Appellants argue that it follows from Lawson that, if the evidence concerning the meaning of "200-1" is presented in response to the motion for summary judgment, as was done in this case, the trial court must deny the motion for summary judgment, and order the cause to trial on the question of intent. We infer no such authority from Lawson. While the appellate court affirmed on the record as it stood at the time of the hearing on the summary judgment, there is nothing in its opinion that suggests the outcome must be different if the evidence is presented timely.

We do not find significance in State Farm's code system because appellants do not contend they were aware of its meaning at the time they signed the release. Therefore, it could have had no bearing on their decision to sign it.

While we sympathize with appellants' situation, we do not find that any of the authorities cited by appellants support their contentions on appeal. Appellants distinguish their situation from the cited authorities in that there was no known injury to contemplate at the time of the release, whereas, in the cited cases, both property damage and personal injuries were known at the time the parties signed their releases.

We note the distinction; however, appellants' release specifically includes injuries "whether known or unknown." Texas courts have been very consistent in ruling that ignorance or mistake about the contents of a release, or failure to read the release, is not grounds for avoidance thereof. McClellan v. Boehmer, 700 S.W.2d at 692; Tobbon v. State Farm Mut. Auto. Ins. Co., 616 S.W.2d at 245.

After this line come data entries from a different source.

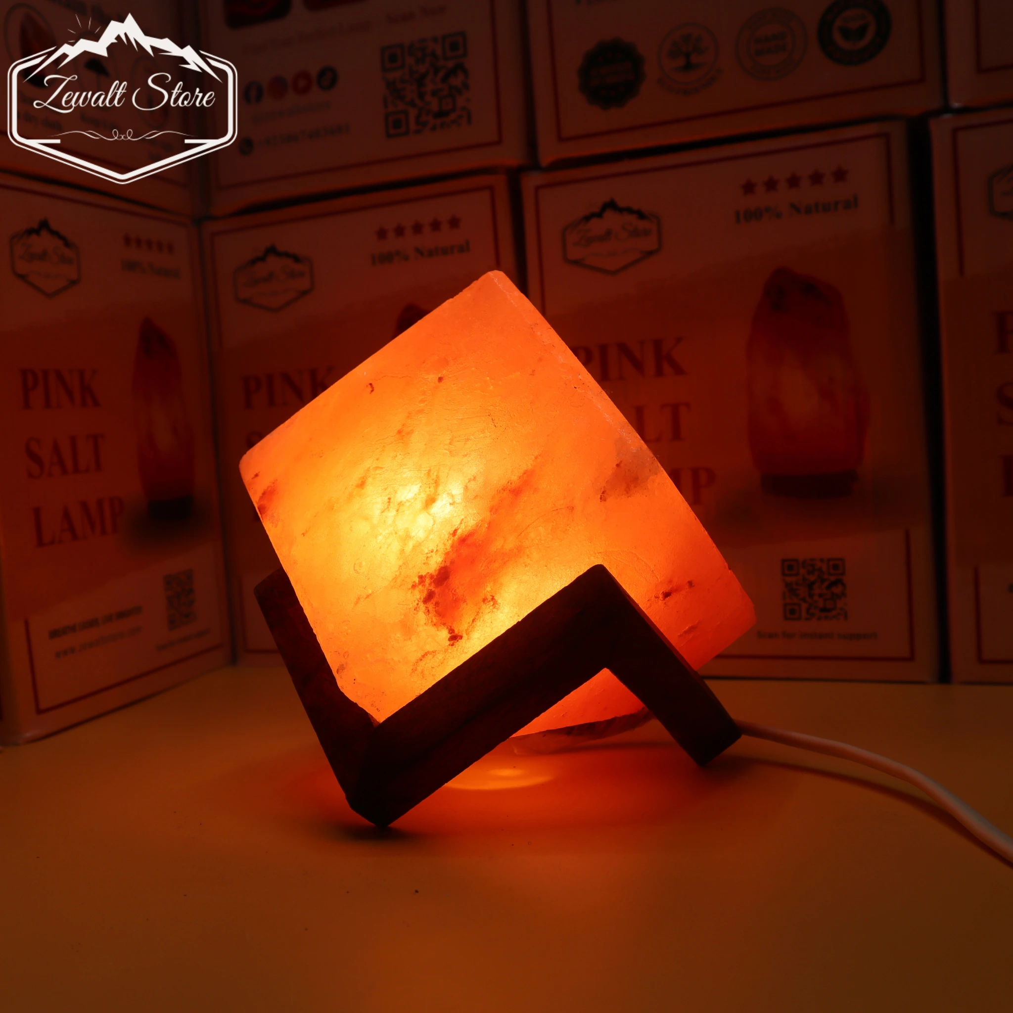 Cube Shaped Himalayan Pink Salt Lamp 1.5 KG with Wooden Stand – 220V Decorative Lamp
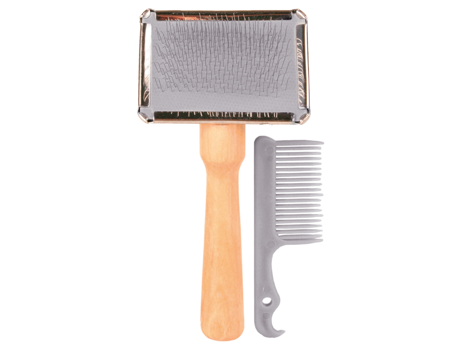 Blødbørstemedet træskaft. Børstehovedeter lavetafrustfritstål. Denblødebørsteervelegnettil at fjerne underuld. Den beskytterunderulden og forhindrer den i at blive sammenfiltrede. Løseellerdødehårfjernes nemt, og filtring kan undgås. Børsterenserhjælper med atrensebørstenhurtigtog nemt.
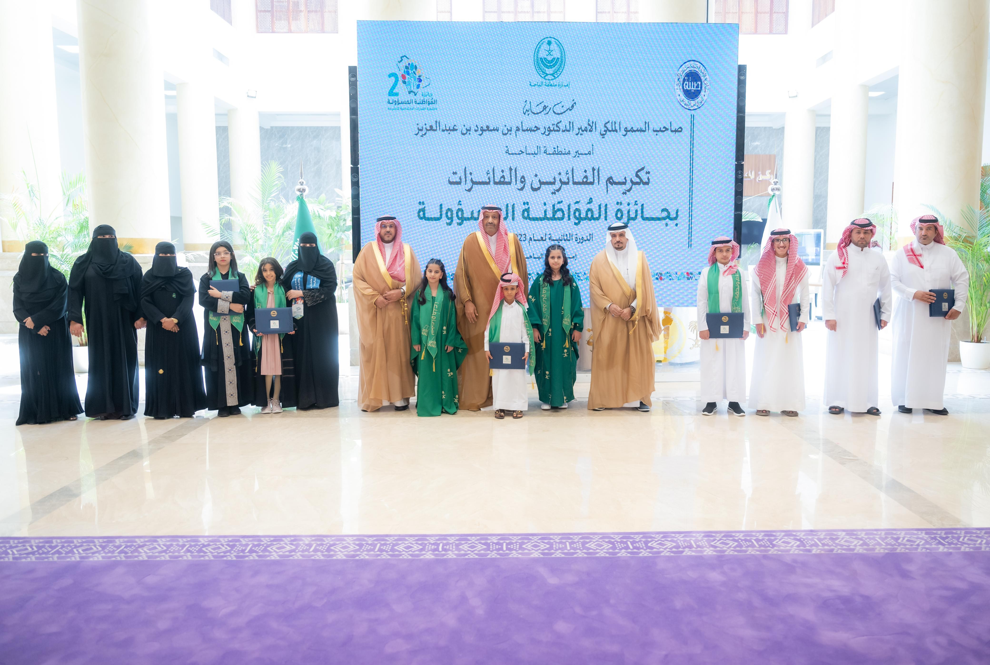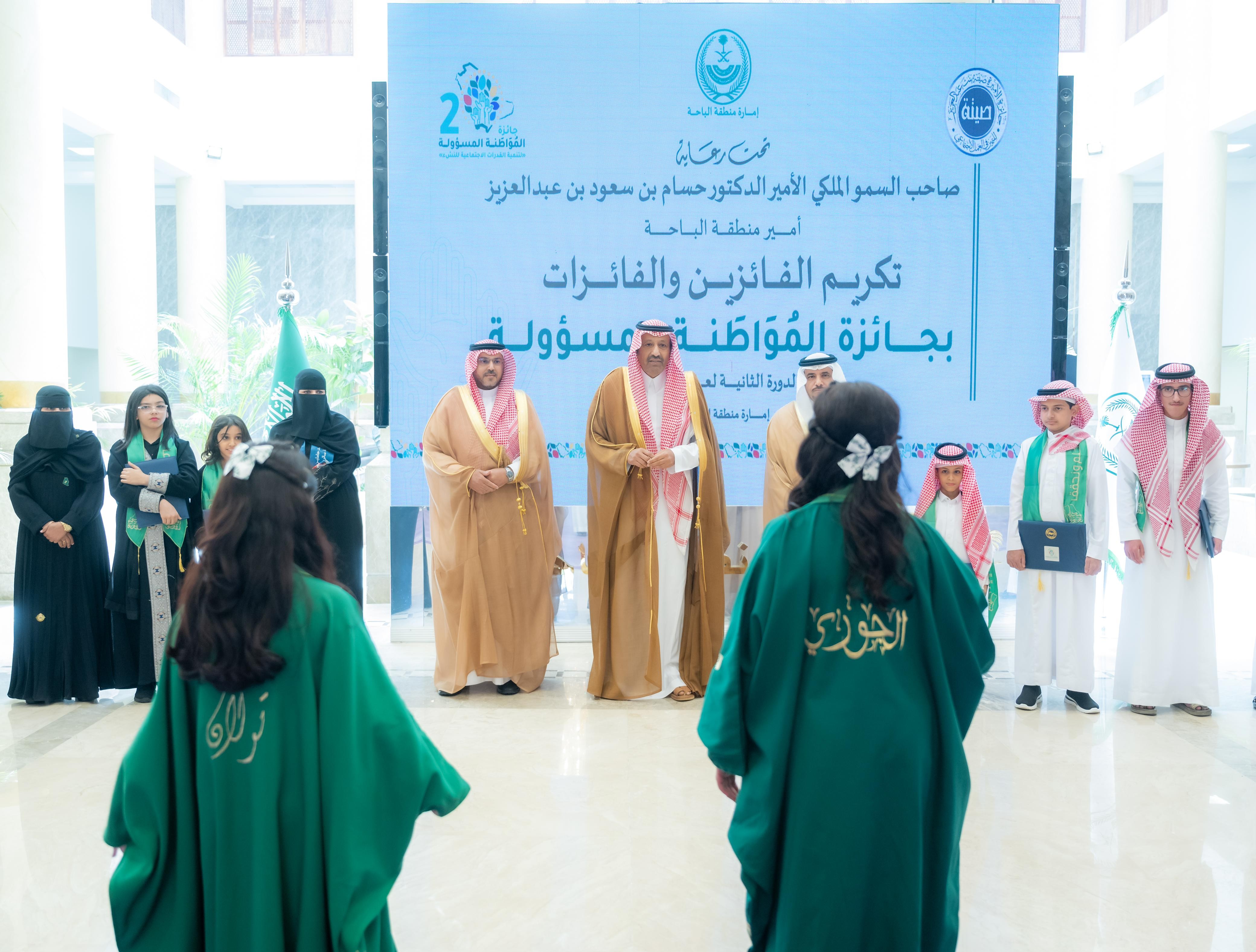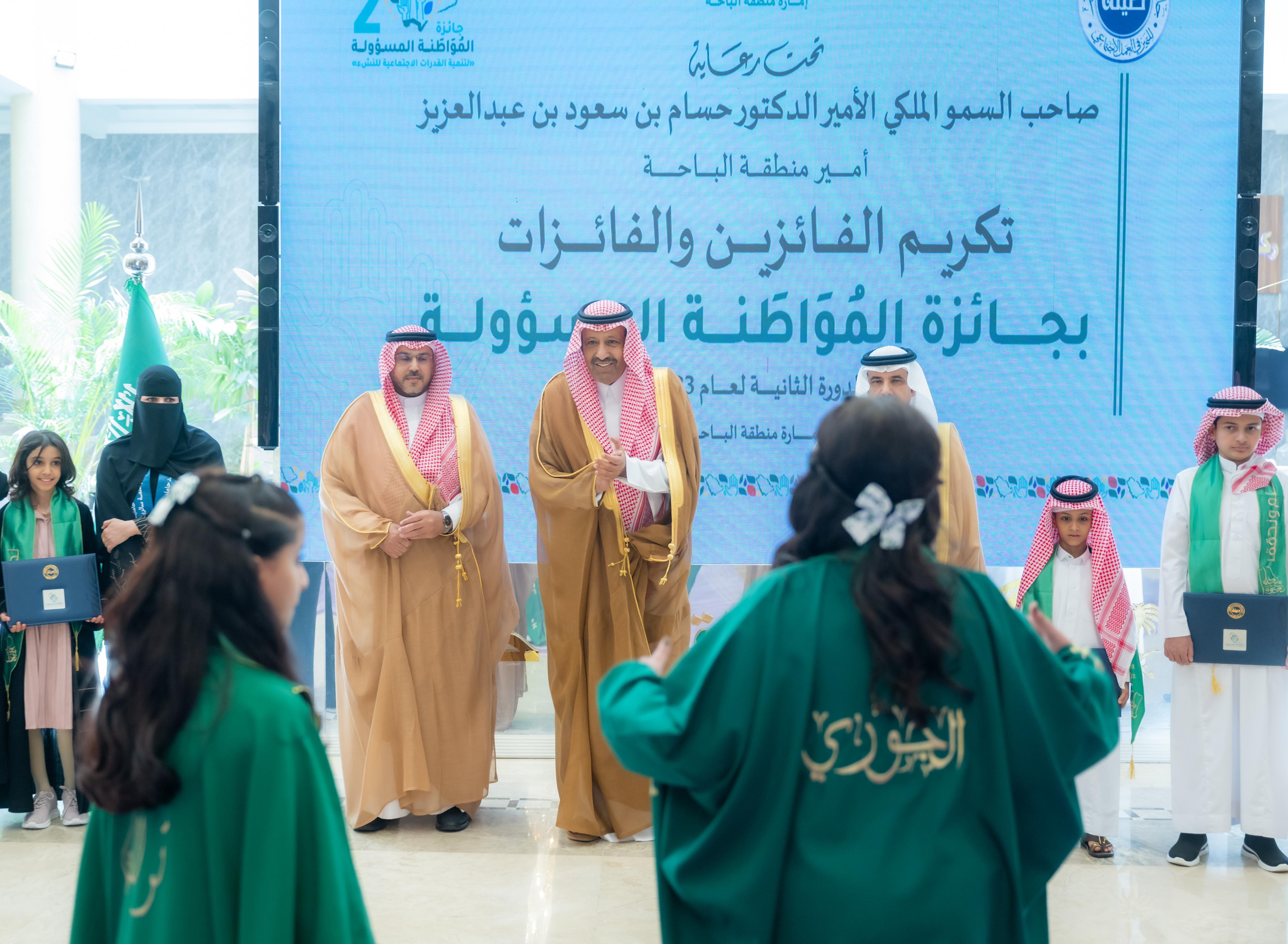 حيث كرّم سموه طلاب وطالبات تعليم المخواة المتوّجين بعدد من المراكز الأولى في ختام التصفيات الأولية لجائزة الأميرة صيتة بنت عبدالعزيز للمواطنة المسؤولة في دورتها الثانية وهم : الطالب سعيد بن أحمد سعيد الزهراني من ابتدائية وادي مدع بالحجرة والحاصل على المركز الثالث في التصفيات الأولية للمسابقة والطالبة فرح موسى عبدالرحمن من ابتدائية قلوة
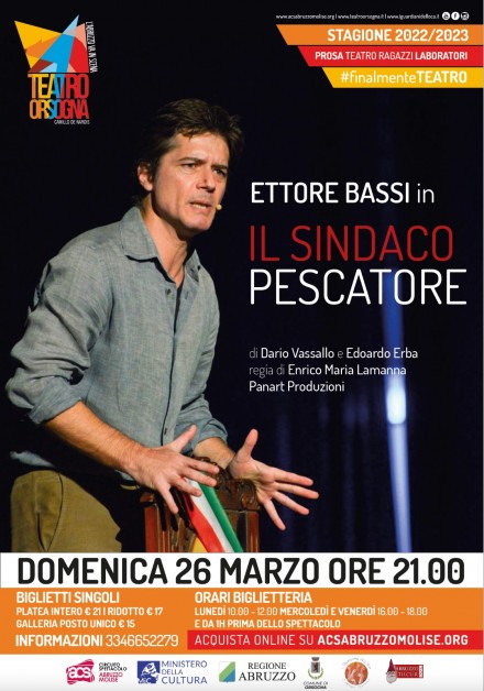 Domenica 26 marzo alle ore 21.00, il celebre e famoso attore Ettore Bassi ci racconterà una storia straordinaria e commovente, quella di un eroe normale, Angelo Vassallo, il Sindaco Pescatore.
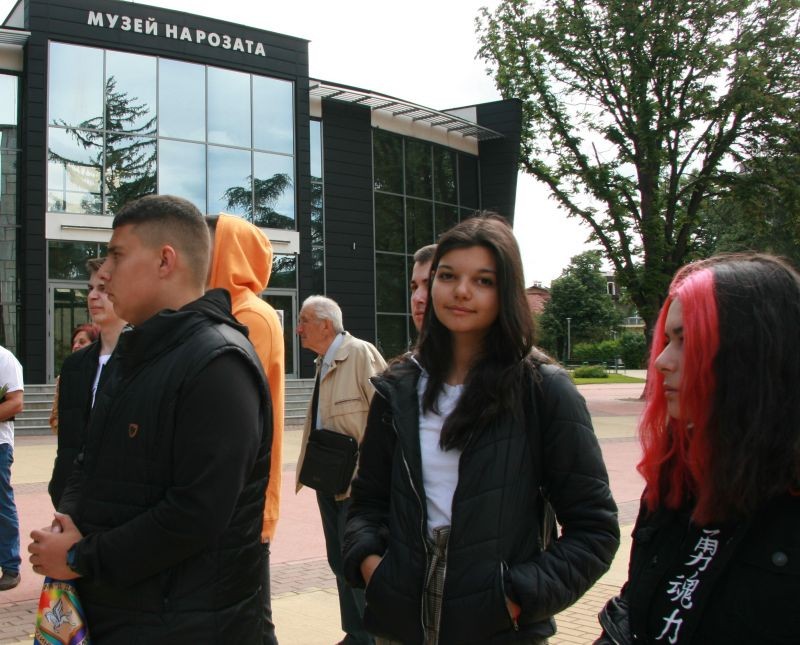 Всичко започна сутринта на първи юни с много смях и много неизвестни на гарата, докато чакахме влака за Казанлък. Наредени пред релсите, с доста багаж и най-вече с настроение бяхме нетърпеливи да се качим във влака и да потеглим за нашето малко пътешествие. Настанихме се във вагона и незабавно започнаха сладките приказки между ученици и учители. Докато се усетим, вече бяхме на гарата в Казанлък, където ни посрещнаха едни големи усмивки. Бързо се придвижихме към Хуманитарната гимназия „Св. Св. Кирил и Методий“ Казанлък – училище с дълга история и... нови приятели. Тържествено ни приветстваха с погача и изпълнение на гайда, от което цялата сграда ехтеше, и ни обзе вълшебно чувство. Заедно с нашите нови приятели от Добрич посетихме вдъхновяващия музей на Чудомир и по-късно се настанихме в така чакания хотел.
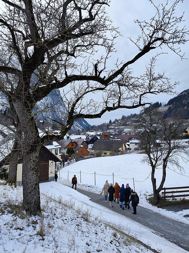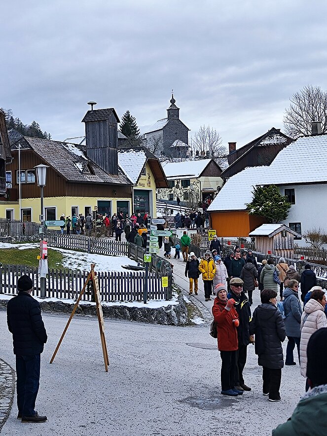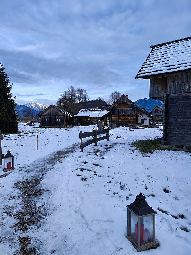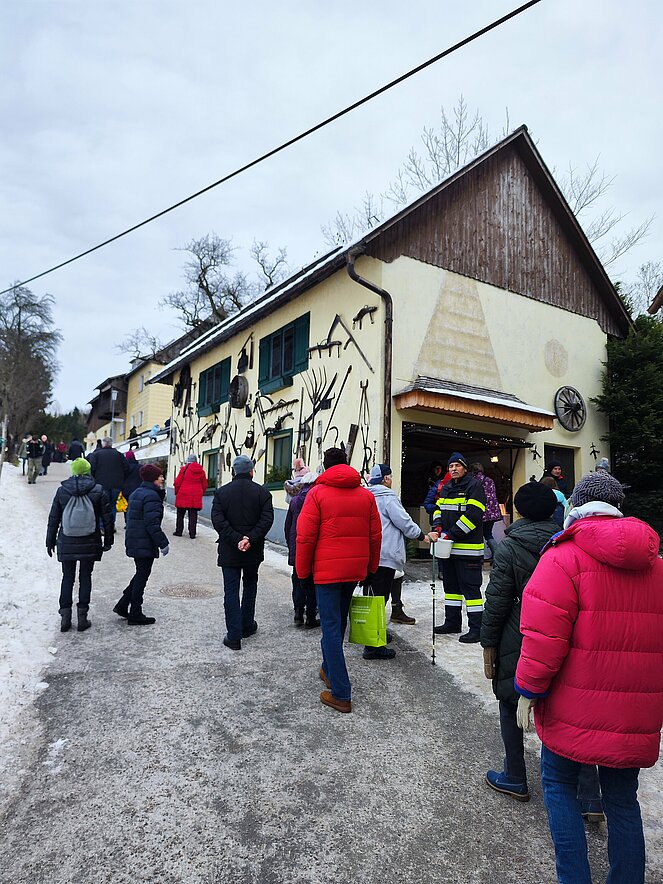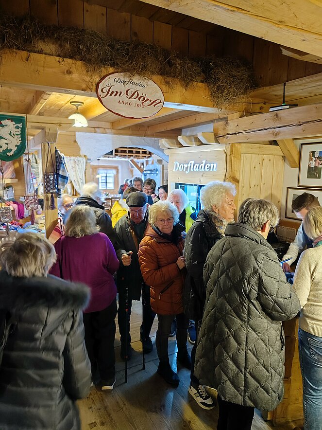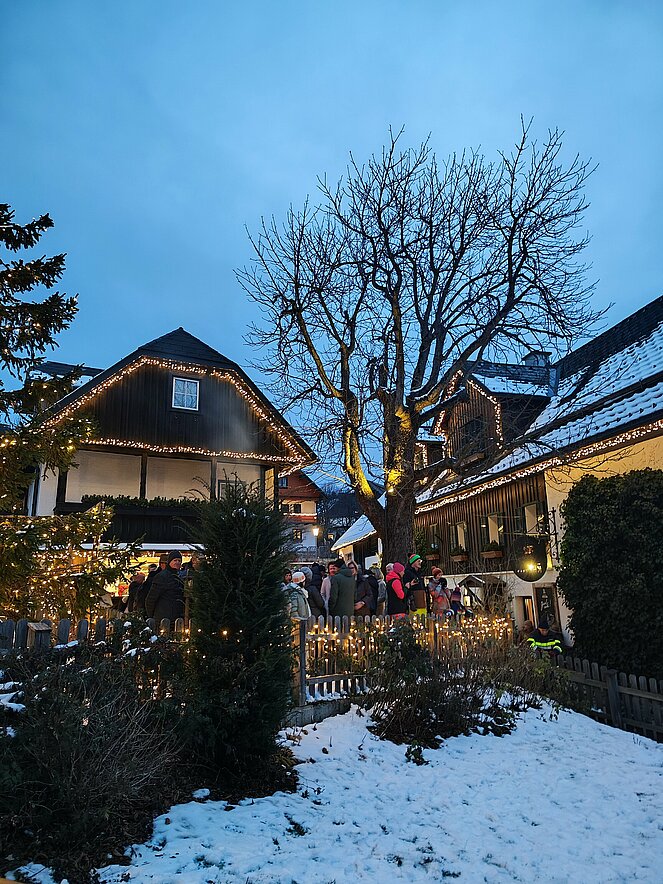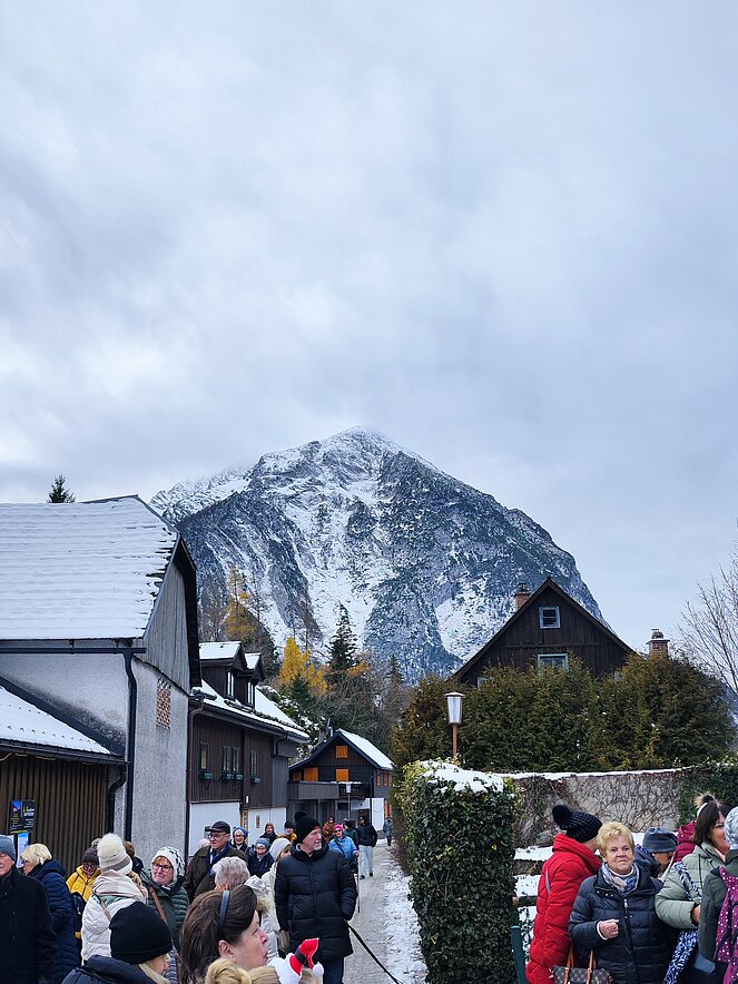 Der Adventausflug 2025 führte uns mit zwei Bussen in die Steiermark. Über die Tauernautobahn ging es durch das Ennstal nach Irdning, wo wir im “Wirtshaus im Dörfl” das Mittagessen einnahmen. Weiter ging es dann nach Pürgg, einem kleinen Dorf hoch über dem Ennstal. Der malerische Ort gegenüber dem mächtigen Grimming wurde einst von Peter Rosegger liebevoll “das Kripperl der Steiermark” bezeichnet. In den zahlreichen Ställen, Garagen und Scheunen wurde Handwerkskunst aus Holz, Wolle, Wachs oder Ton angeboten. Das eine oder andere Häferl Glühwein oder Glühmost wurde natürlich auch verkostet. Da dieser Adventmarkt nur an zwei Adventwochenenden stattfindet war der Besucherandrang entsprechend hoch. Die Dämmerung wurde durch tausende Lichter in den Gässchen an Gebäuden und Bäumen erhellt.
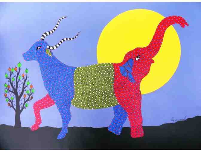 This original artwork is a traditional tribal style called Gond art, by the Gond tribals of Madhya Pradesh. The Gond tribe is considered among the largest tribe of Central India.
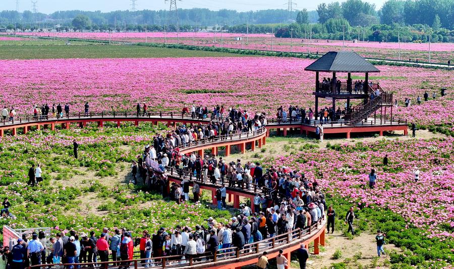 5月1日,在安徽省亳州市谯城区十八里镇蒋李村,游人在芍药花海里赏花游玩。新华社发(刘勤利 摄)
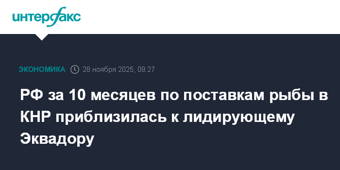 РФ за 10 месяцев по поставкам рыбы в КНР приблизилась к лидирующему Эквадору
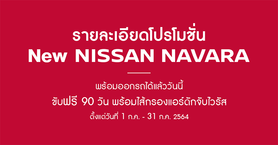 * ข้อเสนอนี้สำหรับลูกค้าที่ผ่านการพิจารณาภายใต้เงื่อนไขและทำสัญญาเช่าซื้อกับบริษัท นิสสัน ลีสซิ่ง (ประเทศไทย) จำกัด เท่านั้น
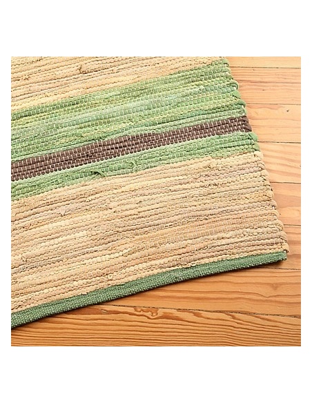 Dale estilo y calidez a tus ambientes con la Alfombra de Rayas Verde y Beige.
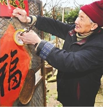 长江日报讯(记者王恺凝 武叶)2月4日中午,武汉市黄陂区木兰山下一处朴素的小院里,85岁的马旭奶奶因感冒卧床休息,老伴颜学庸和解放军小战士一起给门窗贴上春联、窗花,以简单的仪式迎接新年的到来。
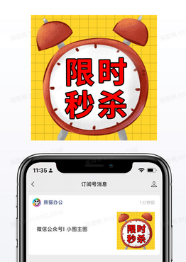 黄红色闹钟倒计时限时秒杀微信公众号封面小图

Lastly, appellants ask us to find that such a release offends public policy. They rely on Exxon Corp. v. Brecheen, 526 S.W.2d 519 (Tex.1975). However, in Exxon, the circumstances were quite distinguishable. The plaintiff was required to sign a release prior to entering a chemical plant. This release was a routine requirement for everyone entering the premises. It purported to waive any claims of Exxon's possible future negligence. The court found that such a release was void as against *687 public policy. The release before us is not comparable to the Exxon release.

A release is not against public policy simply because the person signing it failed to read it or question it. Absent a showing of fraud or ambiguity, the person signing the release cannot avoid its consequences. A release, valid on its face, until set aside, is a complete bar to any later action based on matters included in the settlement agreement and covered by the release. Tobbon v. State Farm Mut. Auto. Ins. Co., 616 S.W.2d at 245. Therefore, the trial court did not err in granting appellee's motion for summary judgment.

The judgment of the trial court is affirmed.